Though the output space sampling is novel. There are various sampling algorithms. In frequent pattern mining that focus on sampling the input space. Of an FPM algorithm. Mining interesting subgraphs by output space sampling.

A sampling algorithm to uniformly sample maximal frequent subgraphs that uses Markov Chain Monte Carlo. Though proposed as a frequent subgraph summarization algorithm. Is one of the first algorithms that aims to sample the output space of patterns; however. The sampling is limited to the maximal patterns.

By sampling output space. We mean to sample one feasible subgraph from a user-specified discrete distribution. The user wants to sample in proportion to the interestingness score. The discrete distribution can be constructed from the interestingness value of all the feasible subgraphs in the output space.

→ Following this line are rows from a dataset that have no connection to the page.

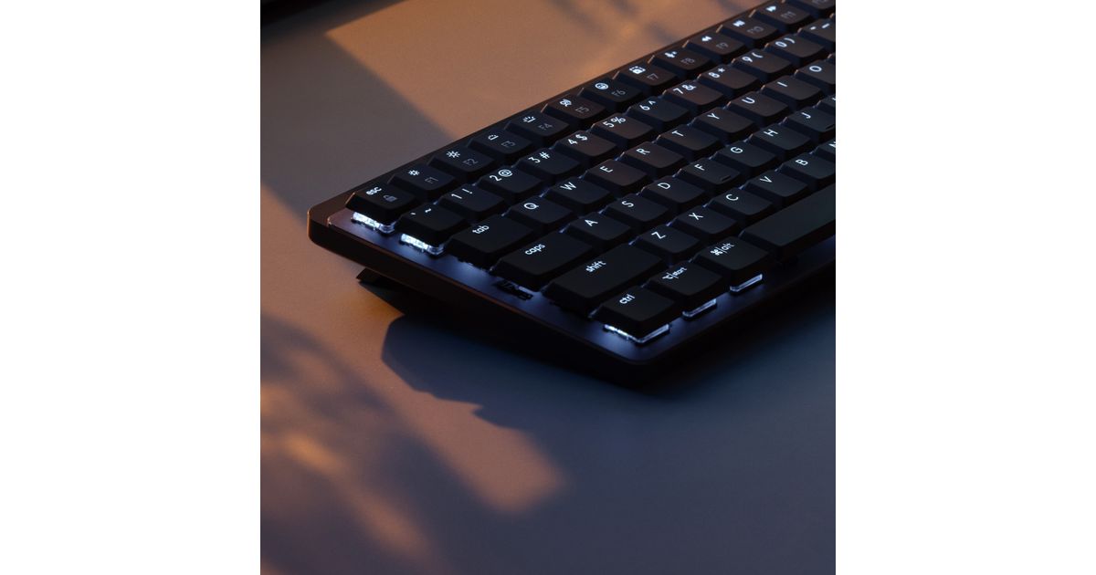 Ultra-precise and stable switches offer deep and reassuring key travel – in a low-profile form factor. Your fingers glide effortlessly across the matte surface of the keys – and dual color keycaps make it easy to orient your fingers and stay in your flow.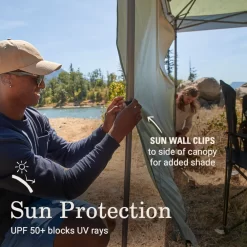 - SUN PROTECTION: Sun wall clips to side of canopy for additional shade and wind protection; vented roof releases trapped heat so you stay cool; UPF 50+ blocks the sun’s harmful UV rays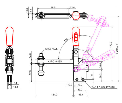 Kẹp gạt loại thẳng KJF-018-12S (Lực kẹp 180 kg), một sản phẩm cao cấp của thương hiệu KJF (Hàn Quốc). Đây là một loại kẹp nhanh (toggle clamp), cụ thể là kẹp gạt loại thẳng (straight line action clamp), được thiết kế đặc biệt để cung cấp lực kẹp mạnh mẽ và hoạt động bền bỉ trong các môi trường đòi hỏi khả năng chống ăn mòn cao, đồng thời cần hành trình kẹp dài.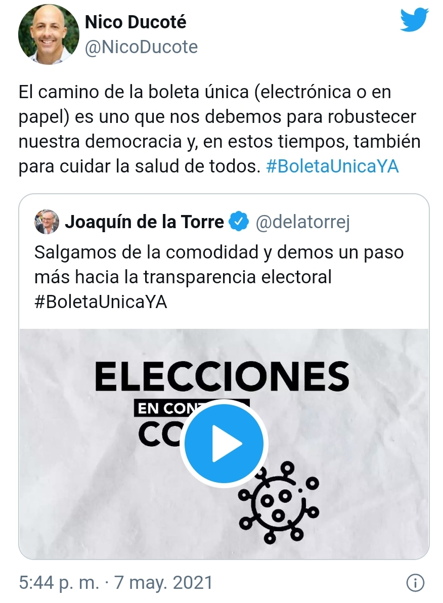 Durante su última aparición en las redes sociales, el ex Jefe Comunal macrista apoyó una iniciativa de su ex colega de San Miguel, Joaquín de la Torre. Se trata de la implementación de la boleta única para las elecciones de este año. Propuesta que han hecho otros en Juntos por el Cambio, pero Ducoté decidió encolumnarse detrás de De la Torre y Miguel Ángel Pichetto para apoyarla. Todo una señal, en lo que se refiere a la búsqueda de padrinazgos de cara a septiembre.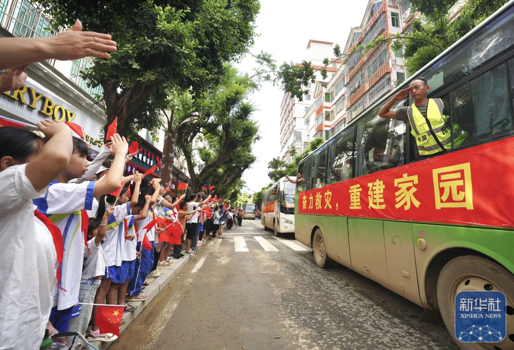 完成使命的抗洪抢险救援步队撤离时,全州边境线公里。记者 伍志卑 摄

Uniform Sampling of k Maximal Patterns. Efficient Mining of Top-K Frequent Subgraphs edges to explore the search space. Keep a queue Q k that contains the current top-k subgraphs found until now. When k patterns are found. Raise minsup to the support of the least frequent subgraph in Q k.

For each subgraph added to Q k. Raise the minsup threshold. When the algorithm terminates. The top-k subgraphs have been found. FANMOD is a tool that implements the RAND-ESU algorithm for enumerating and sampling subgraphs as well as the full enumeration algorithm. RAND-ESU was designed to address the bias of the sampling method for subgraph counting implemented in Mfinder. As Mfinder's sampling method is prone to sampling certain subgraphs more often than others. RAND-ESU fixes this bias and is faster. It enumerates all subgraphs of a certain size. Although during the execution it will ignore some of.

A reverse search algorithm for mining maximal. An algorithm for mining all maximal frequent subgraphs is to enumerate the frequent subgraphs enumeration tree and to report subgraphs that do not have any frequent valid or invalid extension. This algorithm is a straightforward extension of Algorithm 2. To decide locally if a subgraph is a maximal frequent subgraph. We need to switch lines 8 and 9 in Algorithm 2. We also need a flag before line 7 that is set to.

Definition of correlation. Target the graph database scenario where there are multiple graphs. Two subgraphs A and B are called correlated if the containment of A within a data graph increases the likelihood of containing B as well. We have only one large data graph. Subgraphs A and B are defined to be correlated if the instances of A are frequently located in close proximity to the instances of B.